From: Pacific Standard
Why Someone Named Monty Iceman Sold Doogie Howser’s Estate
Pacific Standard:
Nestled in the tony hills of Sherman Oaks, California, the capacious two-story home has almost everything. Outfitted with “glistening hardwood floors and beautiful moldings throughout,” the house features six bedrooms, a kitchen with a sailboat-sized island and a huge Sub-Zero refrigerator, a living room with a fireplace, rainfall showerheads, a mysterious upstairs “secret room,” and just about all the other accoutrement a rich prospective homeowner could ask for. If all that weren’t enough, the property, billed as a “Secluded Celebrity Compound,” once served as the centerpiece in a heartwarming episode of Oprah’s Next Chapter.

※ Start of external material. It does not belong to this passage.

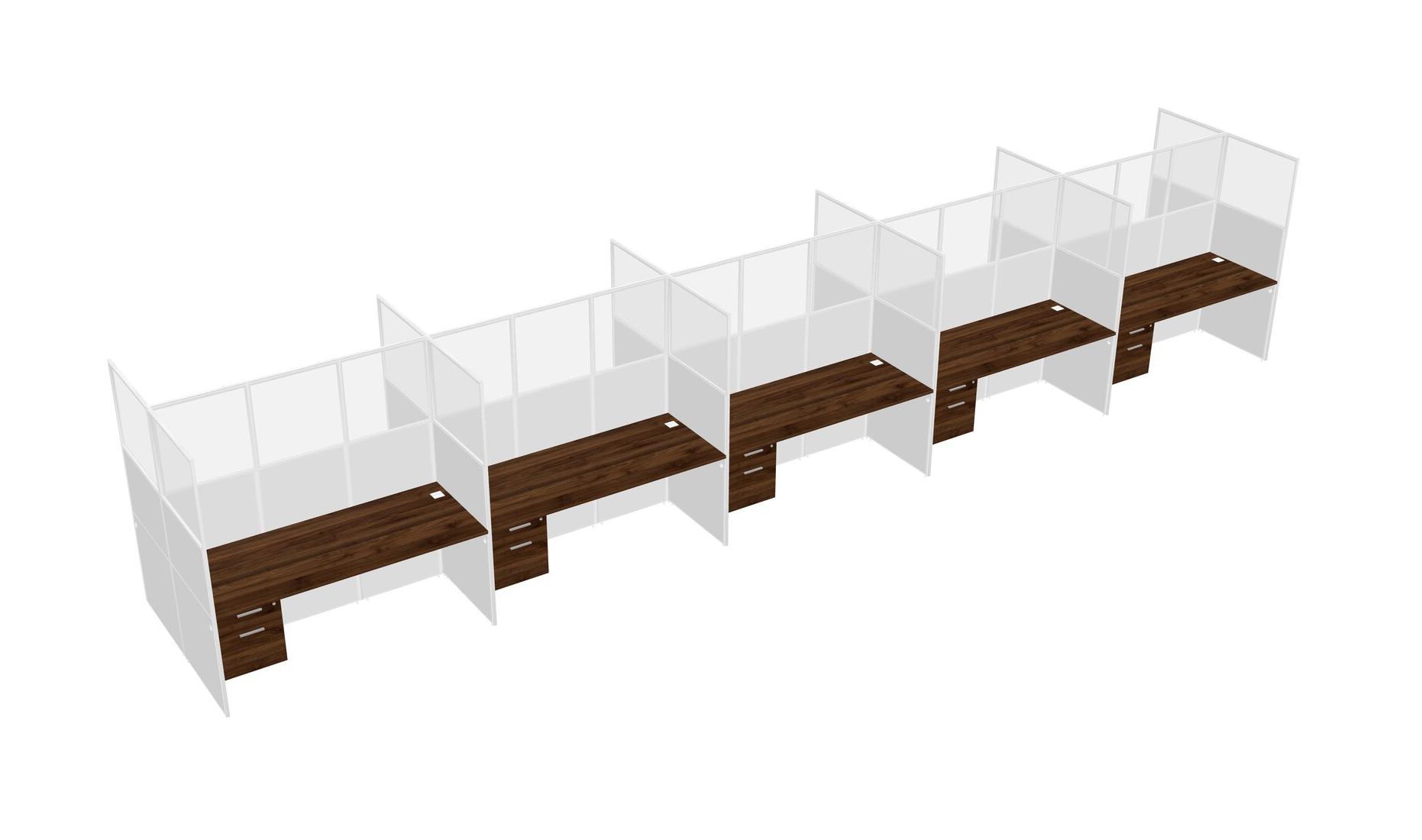 Columbia Walnut Shared Rectangular Office Cubicle Panel System With Hanging Drawers For 10 Persons

Just outside the French doors, past the “outdoor Renato pizza oven,” the pool, and above the jacuzzi, Oprah lounged barefoot with its former residents, celebrities Neil Patrick Harris and David Burtka, and interviewed them about raising their two beautiful twins there.
…
In a 1983 review of the unusual name literature in Names, Guilford College psychology professor Richard Zweigenhaft emphasized the academic niche’s inherent limits. “[T]here has been a tendency among American psychologists, and among those who popularize their work, to generalize broadly and to over-simplify when it comes to analyzing the psychological effect of names,” Zweigenhaft wrote. “This has been particularly true of the claims made about ‘unusual’ names.” At the time, he concluded: “The results provide evidence that having an unusual name may have no observable negative effects, and, in some contexts and in some ways, may have positive effects.”